++++ Material provided

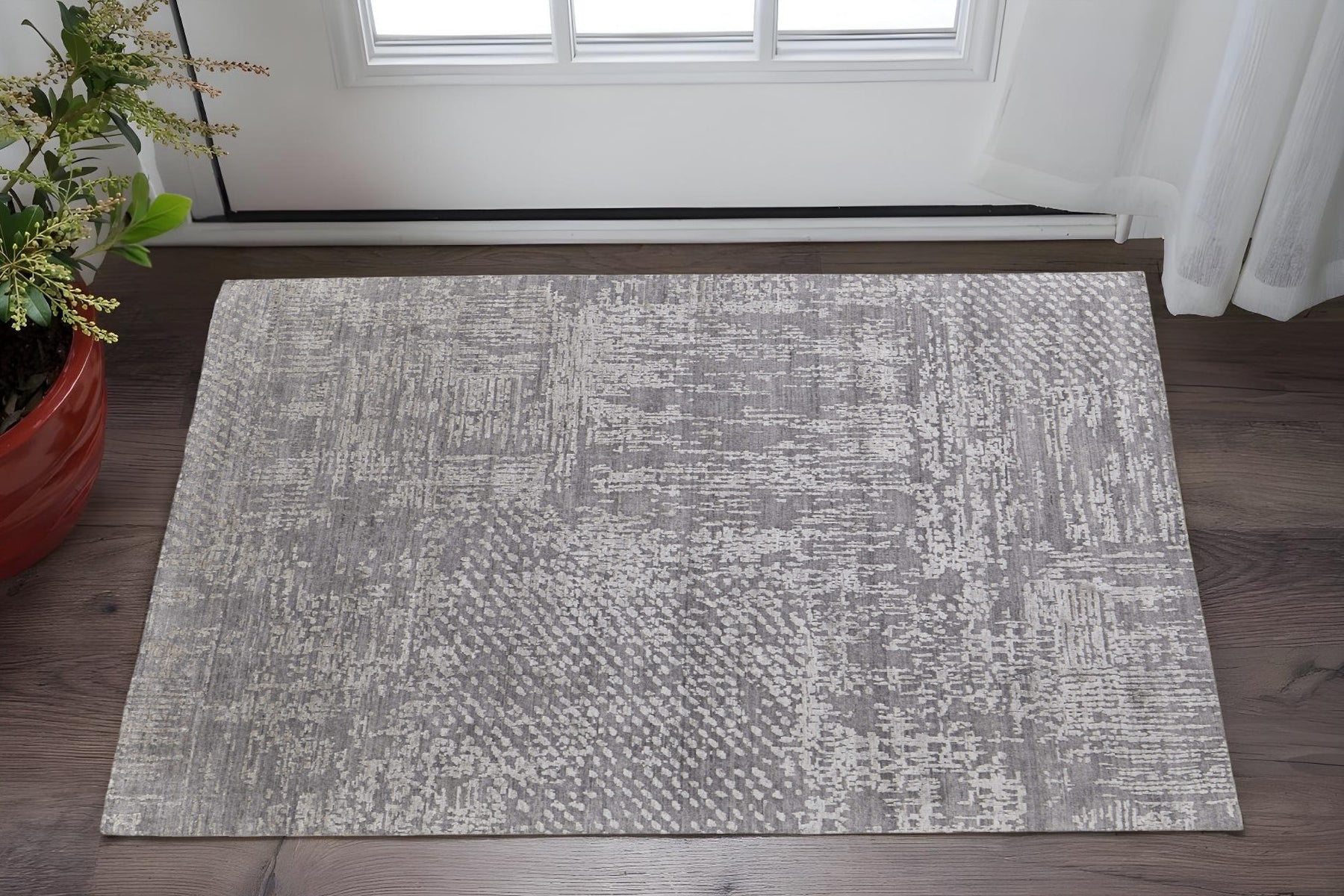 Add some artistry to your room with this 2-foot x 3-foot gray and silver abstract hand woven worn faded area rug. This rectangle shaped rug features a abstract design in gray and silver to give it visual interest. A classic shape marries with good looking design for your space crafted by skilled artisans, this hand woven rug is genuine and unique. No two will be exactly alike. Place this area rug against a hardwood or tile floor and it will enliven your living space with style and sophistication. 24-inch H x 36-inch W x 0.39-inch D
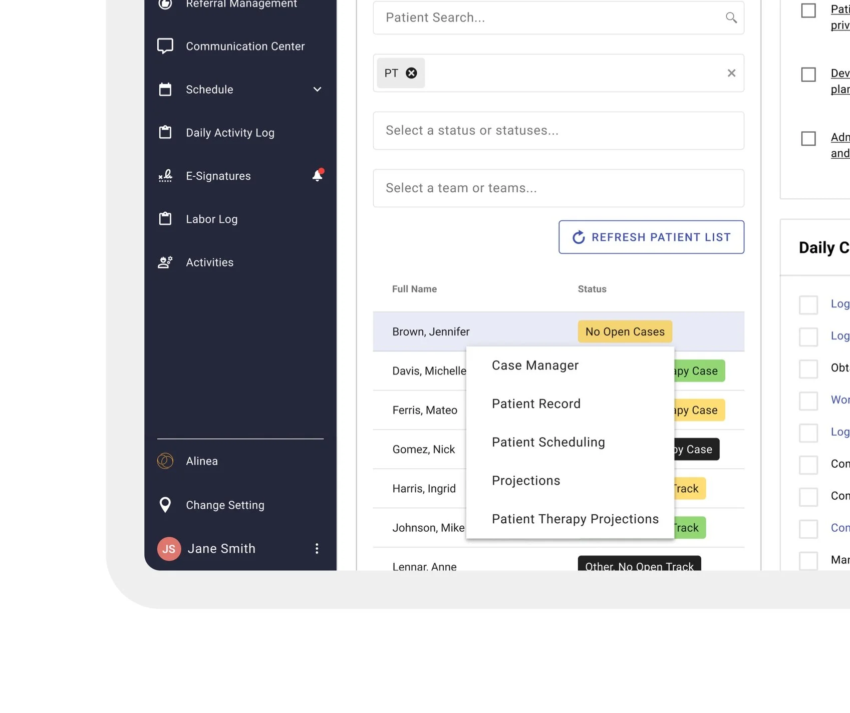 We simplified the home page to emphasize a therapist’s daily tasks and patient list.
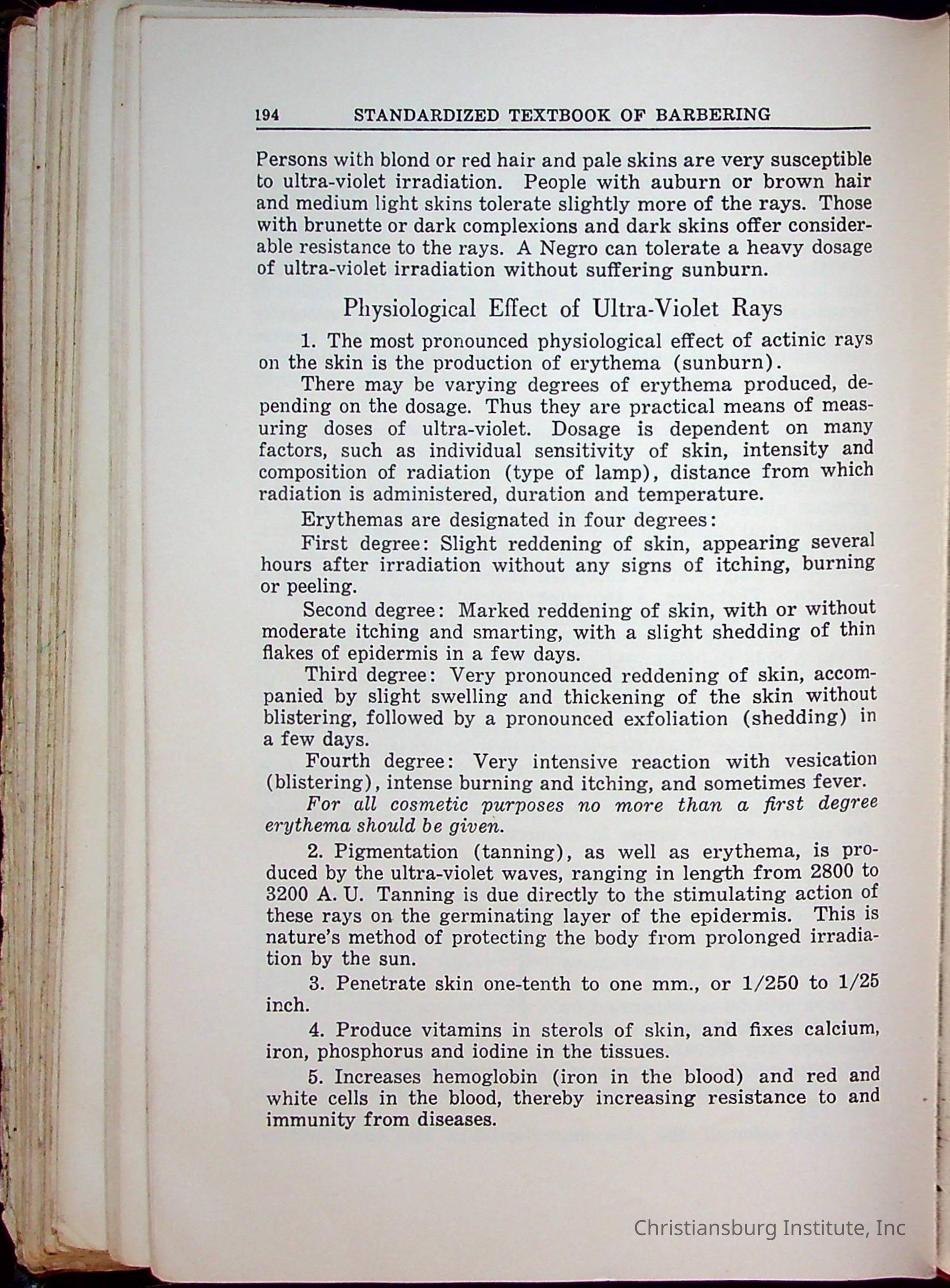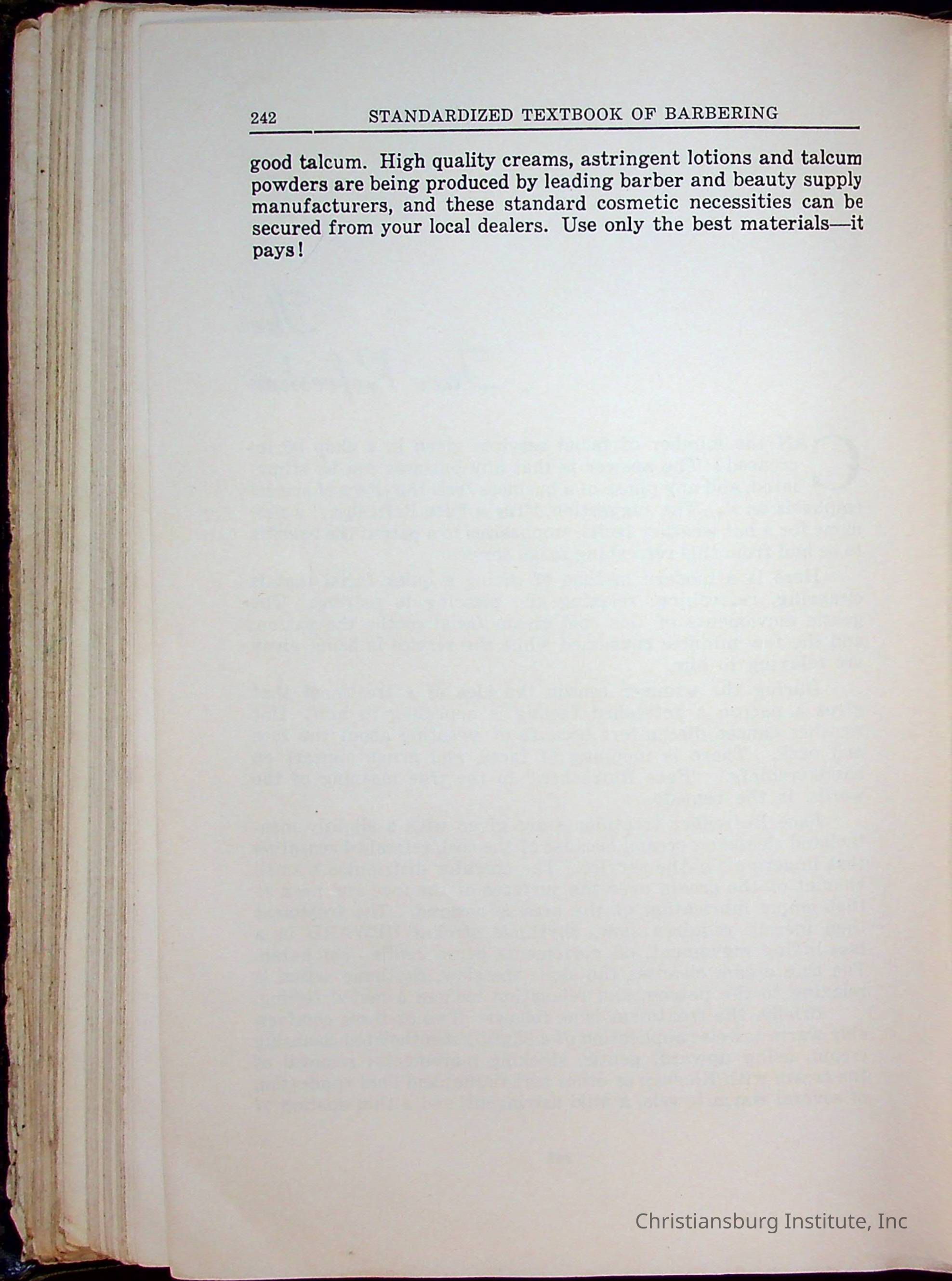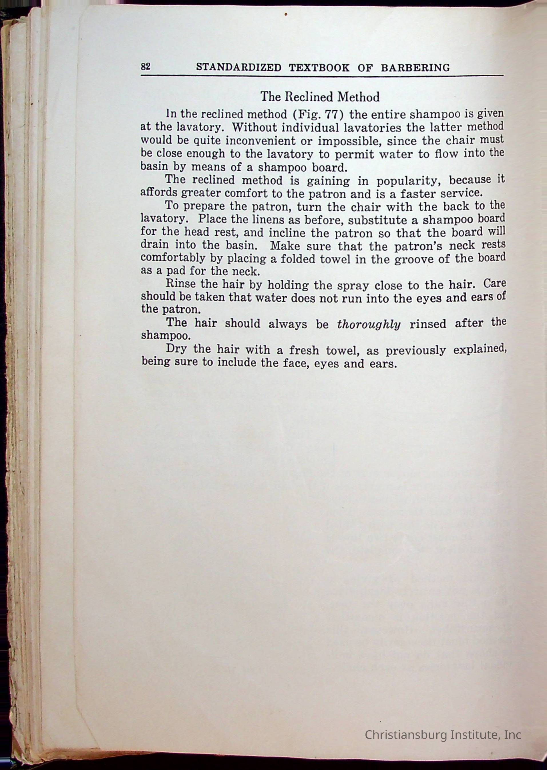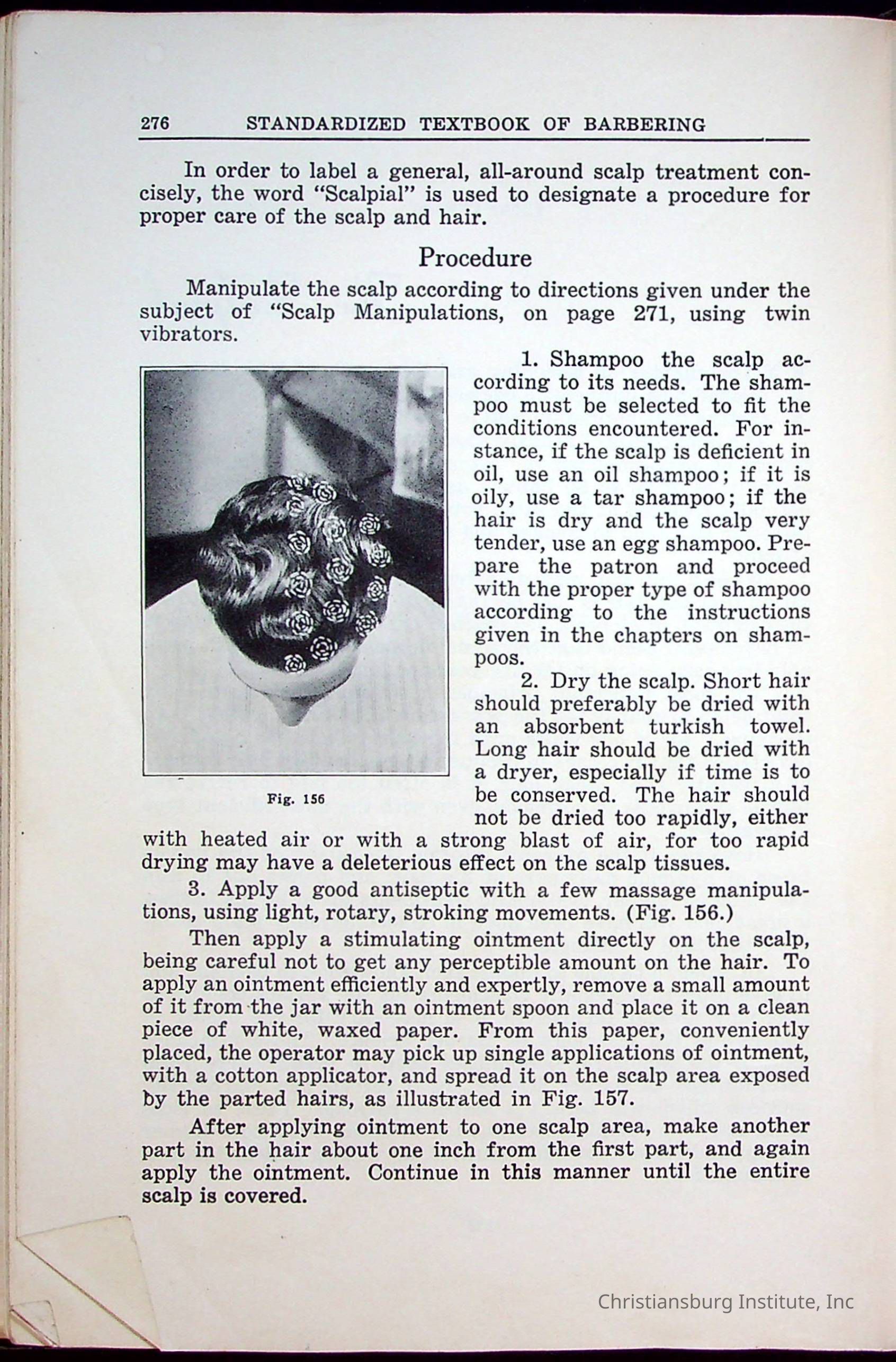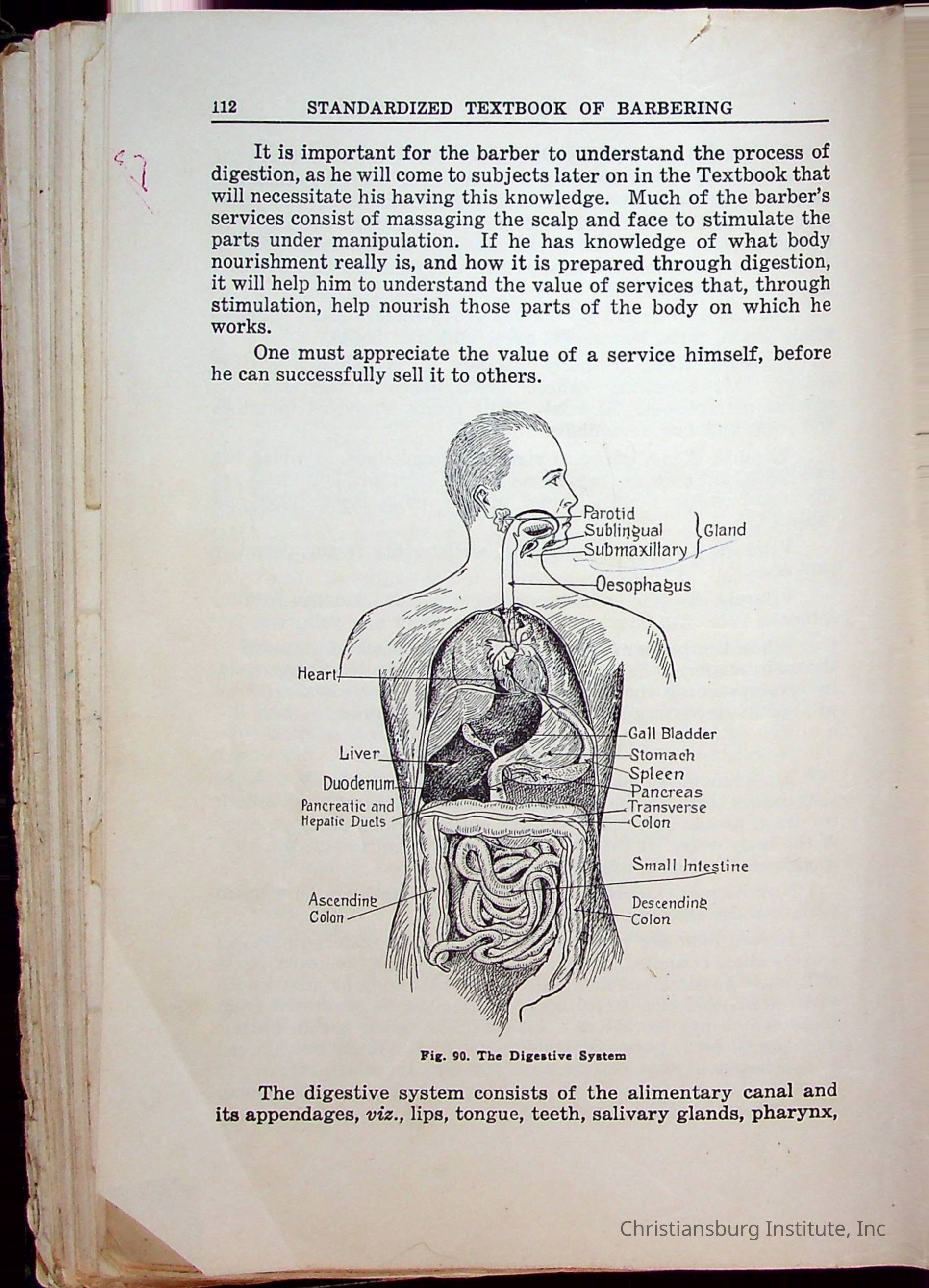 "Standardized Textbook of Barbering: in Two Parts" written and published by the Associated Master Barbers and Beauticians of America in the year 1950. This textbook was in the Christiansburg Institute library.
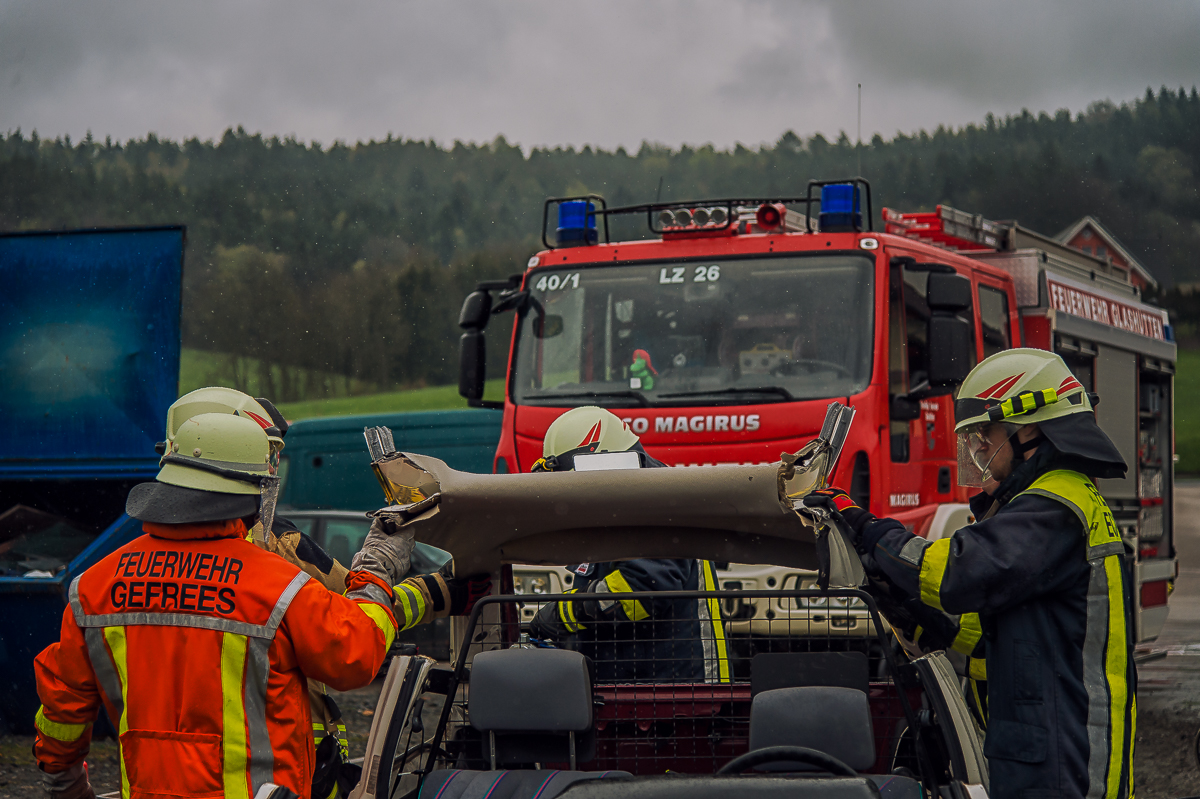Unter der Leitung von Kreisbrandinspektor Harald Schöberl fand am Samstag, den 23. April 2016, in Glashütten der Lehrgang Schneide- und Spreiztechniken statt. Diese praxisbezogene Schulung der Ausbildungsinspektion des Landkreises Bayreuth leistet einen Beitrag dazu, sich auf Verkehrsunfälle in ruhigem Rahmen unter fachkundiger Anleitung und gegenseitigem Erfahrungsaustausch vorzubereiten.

++++++++

**What is required**
Print the data above from its first line through the line that has "Christiansburg Institute library.", exactly and with nothing else, omitting pictures.

**Output of the task**
 Add some artistry to your room with this 2-foot x 3-foot gray and silver abstract hand woven worn faded area rug. This rectangle shaped rug features a abstract design in gray and silver to give it visual interest. A classic shape marries with good looking design for your space crafted by skilled artisans, this hand woven rug is genuine and unique. No two will be exactly alike. Place this area rug against a hardwood or tile floor and it will enliven your living space with style and sophistication. 24-inch H x 36-inch W x 0.39-inch D
 We simplified the home page to emphasize a therapist’s daily tasks and patient list.
 "Standardized Textbook of Barbering: in Two Parts" written and published by the Associated Master Barbers and Beauticians of America in the year 1950. This textbook was in the Christiansburg Institute library.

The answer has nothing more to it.